▶ _REQUIREMENT_
Retype exactly what appears below from the line containing "KVMORZE - حامل" down to the line containing "Женские американские часы-хронографХронографФункция", keeping both end lines. Do not include pictures.

━━ SUPPLIED DATA

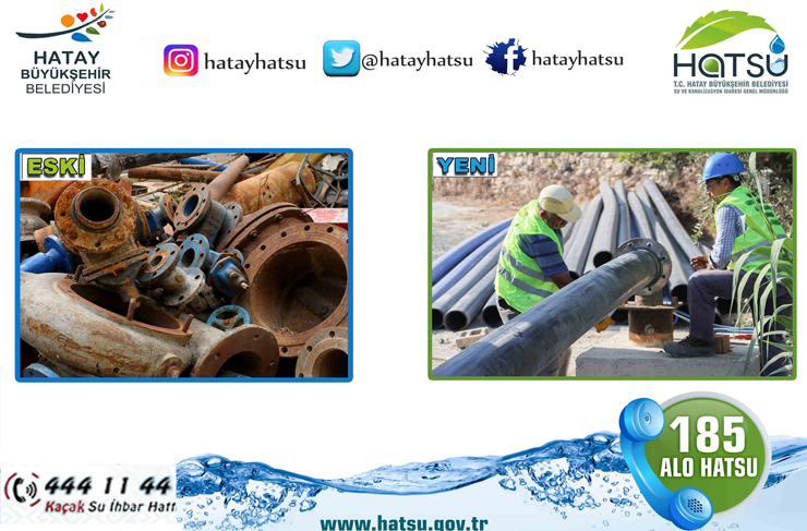 Hatay Büyükşehir Belediyesi Su ve Kanalizasyon İdaresi Genel Müdürlüğü (HATSU), çalışmalarını sürdürdüğü dev içmesuyu projeleri ile sağlığa zararlı paslı boruların bertarafını sürdürüyor.
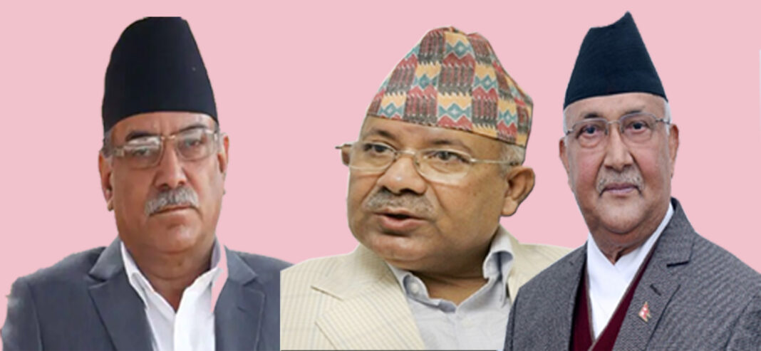 काठमाडाैं ।। नेकपाको विवाद मिलाउन आजदेखि त्रिपक्षीय संवाद हुने भएको छ । दुई अध्यक्षको छलफलबाट निस्कर्ष आउन नसकेपछि आज त्रिपक्षीय छलफल हुन लागेको हो । भोलि शुक्रबार स्थायी कमिटी बैठकअगाडि आज नेकपामा त्रिपक्षीय संवादबाट विवाद समाधान गर्न खोजिएको छ । डेढ सातादेखि लगातार संवादमा रहेका प्रधानमन्त्री शर्मा केपी ओली र अध्यक्ष पुष्पकमल दाहाल प्रचण्डको छलफलमा आज वरिष्ठ नेता माधवकुमार नेपाल पनि सहभागी हुनुहुनेछ । पार्टी प्रवक्ता नारायणकाजी श्रेष्ठका अनुसार आज अध्यक्षद्वय ओली र प्रचण्डबाहेक वरिष्ठ नेता नेपालबीच सहमति जुटाउने प्रयासस्वरूप वार्ता हुनेछ । १० असारबाट सुरु भएको स्थायी कमिटी बैठकमा प्रचण्ड–नेपाल समूहले प्रधानमन्त्री र पार्टी अध्यक्ष दुवै पदबाट ओलीले राजीनामा दिनुपर्ने माग राख्दै आएका छन् । एक्लाएक्लै भइरहेको दुई अध्यक्षको छलफलमा हिजो महासचिव विष्णु पौडेल र नेता जनार्दन शर्मा पनि सहभागि हुनुभएको थियो । दुई अध्यक्षबीच लेनदेनमा सहमति नभई विधी अनुसार समाधान खोज्नुपर्ने नेपाल पक्षमा रहेका स्थायी कमिटीका सदस्यहरूको निस्कर्ष छ ।
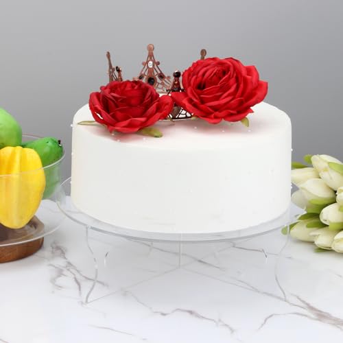 KVMORZE - حامل كيك دائري أكريليك مع قاعدة، حامل كب كيك شفاف من طبقة واحدة، طبق تقديم لحفلات الشاي وحفلات أعياد الميلاد والزفاف وحفلات استقبال المولود وديكور المنزل من كيه في ام او ار زد اي، 30 سم، لون شفاف
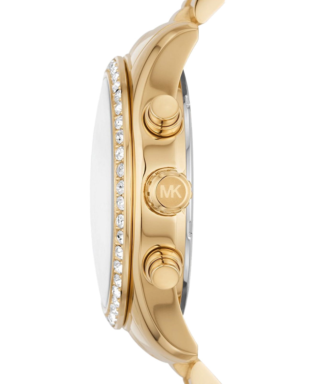 Женские американские часы-хронографХронографФункция позволяет измерять отрезки времени с особой точностью: часы, минуты, секунды. Верным признаком хронографа является наличие на циферблате 3 дополнительных окошек-счётчиков. с секундомеромСекундомерСекундоме́р — прибор, способный измерять интервалы времени с точностью до долей секунды. и с минеральным стекломМинеральное стеклоМинеральное стекло представляет собой искусственно выращенный минерал кварца. Такое стекло отличается особой устойчивостью к повреждениям и царапинам. Уступает по некоторым качествам сапфировому стеклу. Michael Kors Lexington MK7241, кварцевый механизм с высокой точностью. Корпус часов изготовлен из нержавеющей стали с PVD-покрытиемPVDУльтратонкое покрытие наносится в технике вакуумного напыления, сочетает в себе нитрид титана особой прочности со слоем золота или оксида хрома. Несёт в себе декоративную или защитную функцию.. БезельБезельВнешний ободок, закрепляющий стекло. В спортивных часах так называется поворотное кольцо с делениями на циферблате, выполняет роль таймера – замеряет отрезки времени на шкале. Неподвижный безель – элемент декора. Однонаправленно вращающийся безель на дайверских часах позволяет фиксировать моменты погружения и выныривания на поверхность. украшен кристаллами. Три дополнительных индикатора. Метки в виде штрихов и римских цифр. Окошко даты находится в положении 6 часов. Класс водозащиты: 100 метров, позволит плавать, нырять и заниматься другими водными видами спорта. Стальной браслет с PVD-покрытиемPVDУльтратонкое покрытие наносится в технике вакуумного напыления, сочетает в себе нитрид титана особой прочности со слоем золота или оксида хрома. Несёт в себе декоративную или защитную функцию. на раскладной застёжкеРаскладная застёжкаТакой тип застёжки используется только на браслетах из металла. Она никогда не раскрывается полностью, происходит разделение на 2 и более частей. Раскладывающая застёжка снизит вероятность потери часов к минимуму..
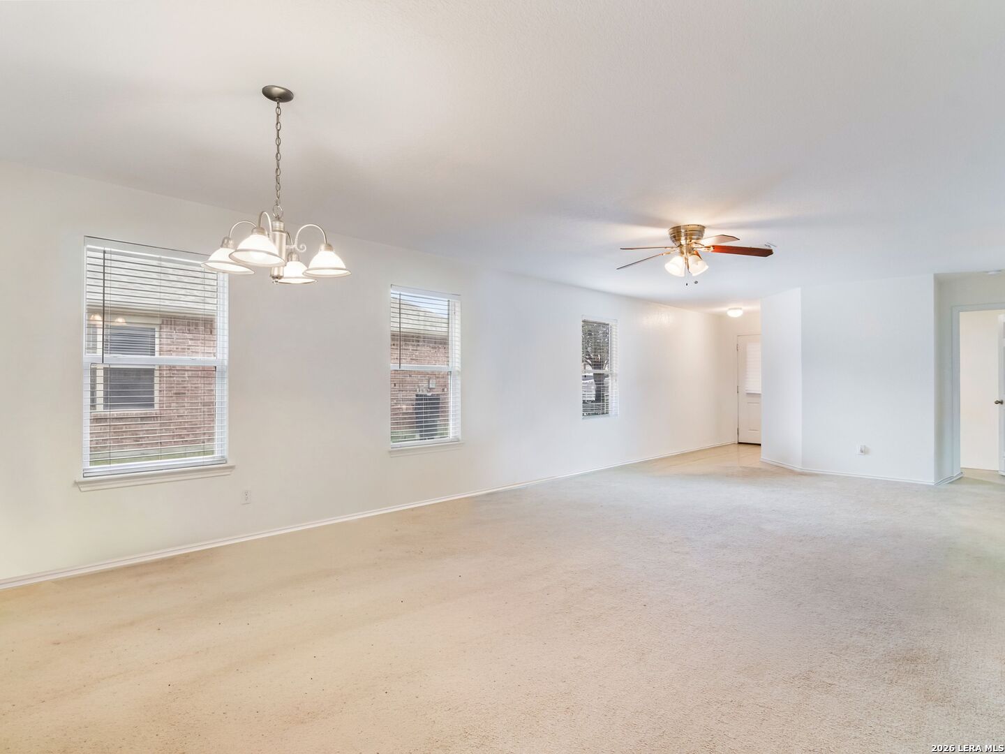 Location, location, location!! Just off of I-35 in Selma and located in the Schertz, Cibolo Universal City ISD! Cute 1 story home with 3 bedrooms and 2 bathrooms. Lots of open green space behind the home! Open floor plan with oversized living room that is open to the dining and kitchen areas. Covered back patio and cute front porch too! The owners retreat has a recessed ceiling, large closet and a separate soaking tub and shower! Neighborhood playground and walking trail with exercise equipment to use along the way. Close to I-35, 1604, the Forum Shopping Center, IKEA, Randolph AFB, restaurants, shopping and more! Carpets freshly cleaned. Come see this great home in such a convenient location and make it yours.

━━━━

▶ _ANSWER BOX_
 KVMORZE - حامل كيك دائري أكريليك مع قاعدة، حامل كب كيك شفاف من طبقة واحدة، طبق تقديم لحفلات الشاي وحفلات أعياد الميلاد والزفاف وحفلات استقبال المولود وديكور المنزل من كيه في ام او ار زد اي، 30 سم، لون شفاف
 Женские американские часы-хронографХронографФункция позволяет измерять отрезки времени с особой точностью: часы, минуты, секунды. Верным признаком хронографа является наличие на циферблате 3 дополнительных окошек-счётчиков. с секундомеромСекундомерСекундоме́р — прибор, способный измерять интервалы времени с точностью до долей секунды. и с минеральным стекломМинеральное стеклоМинеральное стекло представляет собой искусственно выращенный минерал кварца. Такое стекло отличается особой устойчивостью к повреждениям и царапинам. Уступает по некоторым качествам сапфировому стеклу. Michael Kors Lexington MK7241, кварцевый механизм с высокой точностью. Корпус часов изготовлен из нержавеющей стали с PVD-покрытиемPVDУльтратонкое покрытие наносится в технике вакуумного напыления, сочетает в себе нитрид титана особой прочности со слоем золота или оксида хрома. Несёт в себе декоративную или защитную функцию.. БезельБезельВнешний ободок, закрепляющий стекло. В спортивных часах так называется поворотное кольцо с делениями на циферблате, выполняет роль таймера – замеряет отрезки времени на шкале. Неподвижный безель – элемент декора. Однонаправленно вращающийся безель на дайверских часах позволяет фиксировать моменты погружения и выныривания на поверхность. украшен кристаллами. Три дополнительных индикатора. Метки в виде штрихов и римских цифр. Окошко даты находится в положении 6 часов. Класс водозащиты: 100 метров, позволит плавать, нырять и заниматься другими водными видами спорта. Стальной браслет с PVD-покрытиемPVDУльтратонкое покрытие наносится в технике вакуумного напыления, сочетает в себе нитрид титана особой прочности со слоем золота или оксида хрома. Несёт в себе декоративную или защитную функцию. на раскладной застёжкеРаскладная застёжкаТакой тип застёжки используется только на браслетах из металла. Она никогда не раскрывается полностью, происходит разделение на 2 и более частей. Раскладывающая застёжка снизит вероятность потери часов к минимуму..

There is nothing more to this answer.